Pyxine pustulata

Scientific classification
- Domain: Eukaryota
- Kingdom: Fungi
- Division: Ascomycota
- Class: Lecanoromycetes
- Order: Caliciales
- Family: Caliciaceae
- Genus: Pyxine
- Species: P. pustulata
- Binomial name: Pyxine pustulata Aptroot & Jungbluth (2014)

= Pyxine pustulata =

- Authority: Aptroot & Jungbluth (2014)

Species of lichen

Pyxine pustulata is a species of corticolous (bark-dwelling), foliose lichen in the family Caliciaceae. Found in Botucatu, Brazil, it was formally described as a new species in 2014 by lichenologists André Aptroot and Patrícia Jungbluth. The type specimen was collected by the authors from the botanical garden on the campus of Botucatu (São Paulo) at an altitude of 850 m.

==Description==
The lichen has a pale grey, shiny thallus that is tightly attached to its bark substrate; the lower surface is black, with simple (i.e., unbranched), black rhizines that help attach the thallus to its substrate. The lobes comprising the thallus are 0.7–1.2 mm wide, with rounded tips, and are sparsely covered with white spots.
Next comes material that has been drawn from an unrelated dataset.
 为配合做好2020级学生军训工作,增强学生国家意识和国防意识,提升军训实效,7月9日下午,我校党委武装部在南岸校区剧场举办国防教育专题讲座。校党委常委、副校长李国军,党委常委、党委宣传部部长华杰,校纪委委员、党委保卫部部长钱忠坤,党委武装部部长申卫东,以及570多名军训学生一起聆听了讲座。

Older parts of lobes develop pustules (pimple or blister-like swellings) that are about 0.1–0.3 mm wide and about 0.2–0.6 mm high; the species epithet refers to these characteristic structures. The cortex of the thallus contains lichexanthone, a lichen product that causes it to fluoresce yellow when lit with a long-wavelength UV light. Pyxine pustulata also contains terpenoid compounds and a pigment, detectable using thin-layer chromatography.